Thierry Jadot (Dentsu Aegis) prône la responsabilisation des médias
Publié par Mégane Gensous le - mis à jour à
Invité d'un petit-déjeuner de l'Association des Journalistes Médias, Thierry Jadot, président de Dentsu Aegis Network France, s'est prononcé en faveur d'un assouplissement de la réglementation publicitaire au profit d'une auto-réglementation de la profession.
Encadrement de l'achat d'espace sur le digital par le décret de la Loi Sapin il y a 4 mois, interdiction de la publicité autour des programmes jeunesse sur France Télévisions il y a 6 mois... Pour Thierry Jadot, président de Dentsu Aegis Network France invité à partager à sa vision des relations entre médias et publicité par l'Association des Journalistes Médias ce 15 juin, "la France est le pays le plus réglementé au monde en matière de publicité". Un zèle législatif qui serait pour lui en partie responsable de la stagnation du marché publicitaire, dont la croissance est estimée à 0,5% pour 2017 par l'IREP, France Pub et Kantar Media. Cette situation semble inéluctable pour les médias français, qui traversent "non pas une crise, mais une transformation" nécessaire face à des acteurs comme Google et Facebook, qui ont inventé de nouveaux modèles qui leur assurent aujourd'hui une position hégémonique sur le marché. Pour y remédier, Thierry Jadot préconise, en plus d'un assouplissement de la législation ("en modifiant par exemple la réglementation obsolète pour ouvrir la publicité à d'autres secteurs comme le cinéma"), une responsabilisation du marché.

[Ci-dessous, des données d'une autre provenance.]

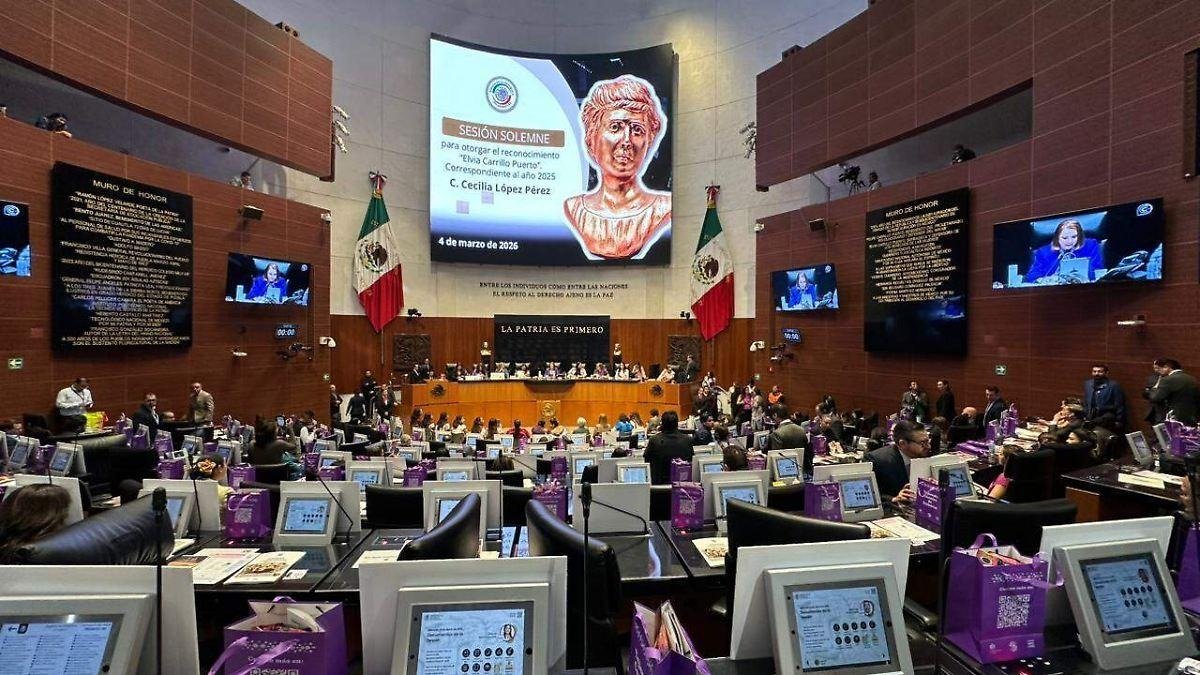 SemMéxico. Cd. de México. 4 de marzo 2026.- La entrega en el Senado del reconocimiento Elvia Carrillo Puerto 2025 a Cecilia López Pérez, indígena Tsotsil de San Andrés Larrainzar que ha acompañado a más de 330 mujeres en sus procesos de acceso a la justicia por diversas violencias y defendiendo sus derechos en su propia lengua fue un reconocimiento a las mujeres indígenas del país.
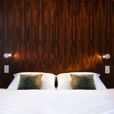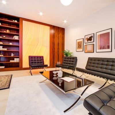 Interior of the apartment in the Toman Hotel. This time in a functionalist style. Natural veneer, metal and natural stone.
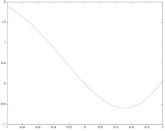 Kako smo rekli, najprije moramo nacrtati graf posmatrane funkcije. Budući da funkcija sinus može poprimiti jedino vrijednosti iz segmenta [-1,1], i vrijednost x2 ne treba biti veća od 1 (bude li veća, nikako ne možemo dobiti nulu), što znači da trebamo uzeti x ϵ [-1, 1]. (Ako nula uopšte postoji, sigurno se nalazi u tom segmentu.) Stoga u novom redu radnog prostora ukucamo:
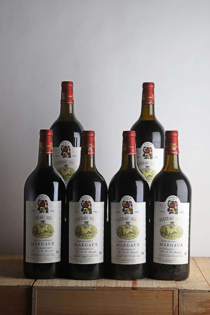 6 Mag CHÂTEAU SIRAN (Caisse Bois d'origine) (2 T.L.B.+| 3 H.E.+| 1 H.E| 2 e.l.a| 3 c.a. bas de jupes et 2 c.a. côté) - 1982 - Margaux
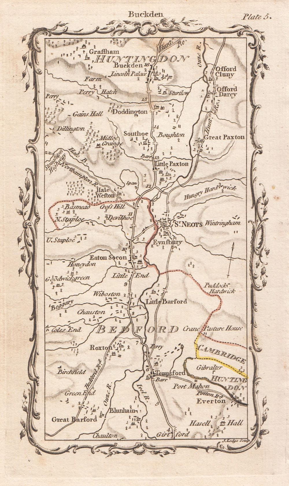 A scarce antique road map from "An Actual Survey of the Great Post-Roads between London and Edinburgh" by Mostyn John Armstrong, published in 1776. Each map shows a section of the road from London to Edinburgh drawn on the scale of half an inch to the mile. These maps are not strip road maps, but take the form of a conventional map covering an area of approximately 12 miles from south to north and 7 miles east to west. This is Plate 5 - Tempsford, St. Neots, Little Paxton to Buckden. Includes free mounting on request.
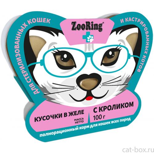 ZooRing Консервы для стерилизованных кошек Кусочки в желе с Кроликом, 100г

Engagement citoyen des médias
Si les relations avec les GAFA sont souvent houleuses, comme observé lors de la présentation du dernier Observatoire de l'e-publicité qui a vu le marché vend debout comme leur duopole, le président de Dentsu Aegis estime que "les relations se sont apaisées avec ceux qui sont à la fois nos partenaires et nos concurrents, depuis que les plateformes sociales ont décidé de devenir des médias" de l'aveu de Mark Zuckerberg lui-même fin 2016. Selon lui, l'heure serait à présent à la responsabilité des plateformes, "souvent poussées par les pouvoirs publics" voire par les annonceurs eux-mêmes, à l'instar de la vague de protestation contre Youtube en Grande-Bretagne en avril dernier face à l'impossibilité de garantir la brand safety. Facebook a ainsi annoncé début 2017 avoir adhéré au Centre d'étude des supports de publicité (CESP), quand dans le même temps ce dernier rejoignait le "Measurement Council" du réseau social.
En parallèle, "les agences média doivent également avoir un rôle citoyen" considère celui qui a rejoint le groupe de communication en 2012. Par exemple, "en n'injectant pas d'investissements publicitaires dans des médias qui ne partagent pas nos valeurs et celles de nos clients". C'est pour cette raison que son agence média Carat a fait le choix de geler les investissements de ses 300 annonceurs autour du programme Touche Pas à Mon Poste suite à "une séquence objectivement homophobe"... tout en ne considérant pas cette décision comme une sanction envers C8 dont l'agence attend "des engagements forts". L'engagement citoyen des médias doit aussi se matérialiser par "une offre média la plus pluraliste possible" : si Thierry Jadot ne voit pas d'objection au rapprochement entre Vivendi et Havas, il est cependant conscient que "le risque de conflit d'intérêt existe, au marché d'être vigilent pour qu'il n'ai pas lieu".